Transcribe exactly, and only, the lines running from the one that contains "У цьому виданні" through the last line of the material. No pictures.

[Opening INFORMATION SUPPLIED section]

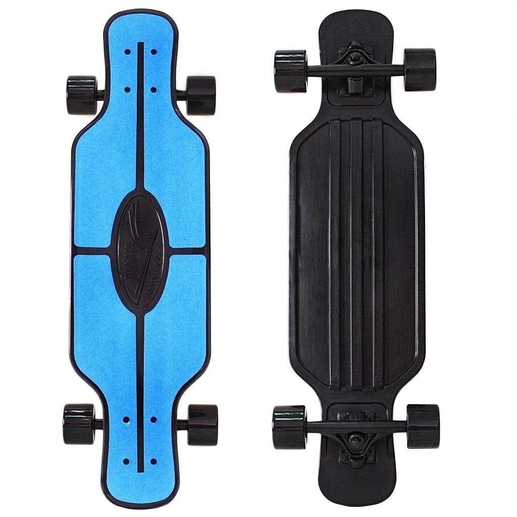 Пластиковая основа высокой прочности немного прогибается во время катания, чем обеспечивает прекрасное скольжение. Присутствует вогнутость относительно продольной линии для улучшения маневренности. Алюминиевая подвеска с подшипниками ABEC 7 и жесткие колеса диаметром 65 мм – база для развития хорошей скорости. Размеры средние: длина 31 дюйм, ширина 8,7 дюймов, вес 2,5 кг. Параметры определяют ее к так называемым городским типам для езды по асфальту и плитке. Максимальная нагрузка – 150 кг.
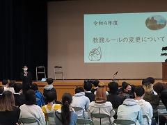 教務部より、1学期末考査の取り扱いと1学期の成績、また生徒指導部より夏休み中の過ごし方などの話がありました。
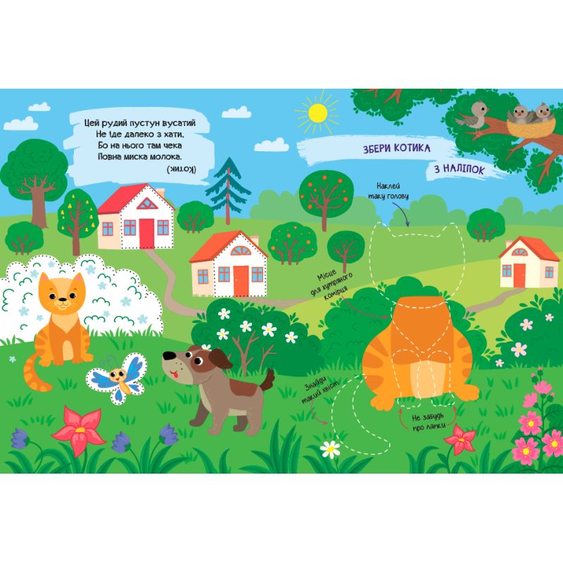 У цьому виданні дитина познайомиться зі свійськими тваринами, відгадає загадки про них і збере їх з наліпок, користуючись підказками.
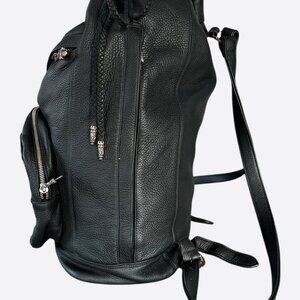 Chrome Hearts Black Cross Patch Leather Drawstring Backpack
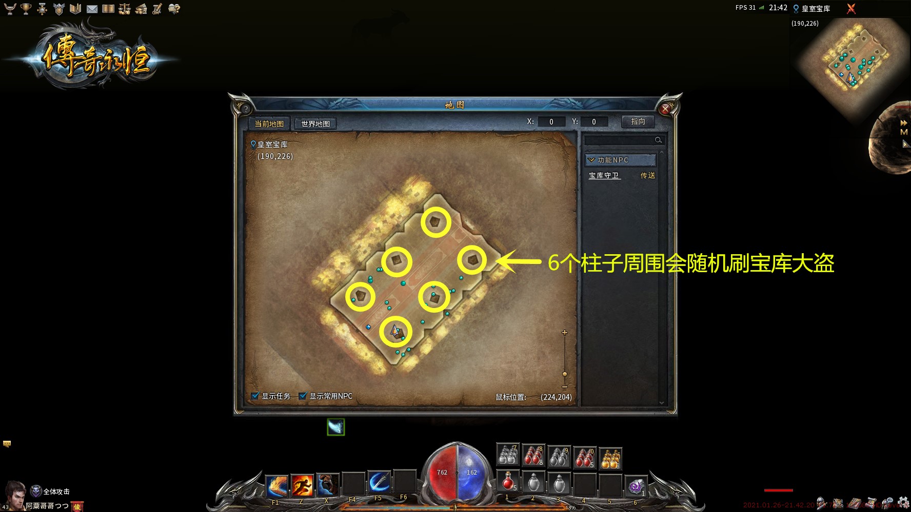 如果是周二、四、六的话,我们便可以参加21点的“皇室宝库”,找NPC“讲古老人”(盟重400,559;比奇636,488),门票需要2万金币,在里面也可以随意PK,不会增加PK值,装备也不会爆出,击杀30级以上的玩家有金币奖励。每过5分20秒会随机刷一定数量的“宝库大盗”,一个大盗大约掉落4.5万的金币,每过15分钟刷1只“贪婪魔王”,随机掉落一定数量的“皇室宝箱”,宝箱有机率开出沃玛件、祝福油级一、二级护肩、鞋,宝箱是无主状态,需要满2分钟以后才能自由捡取。

[Closing INFORMATION SUPPLIED section]

### REPLY:
 У цьому виданні дитина познайомиться зі свійськими тваринами, відгадає загадки про них і збере їх з наліпок, користуючись підказками.
 Chrome Hearts Black Cross Patch Leather Drawstring Backpack
 如果是周二、四、六的话,我们便可以参加21点的“皇室宝库”,找NPC“讲古老人”(盟重400,559;比奇636,488),门票需要2万金币,在里面也可以随意PK,不会增加PK值,装备也不会爆出,击杀30级以上的玩家有金币奖励。每过5分20秒会随机刷一定数量的“宝库大盗”,一个大盗大约掉落4.5万的金币,每过15分钟刷1只“贪婪魔王”,随机掉落一定数量的“皇室宝箱”,宝箱有机率开出沃玛件、祝福油级一、二级护肩、鞋,宝箱是无主状态,需要满2分钟以后才能自由捡取。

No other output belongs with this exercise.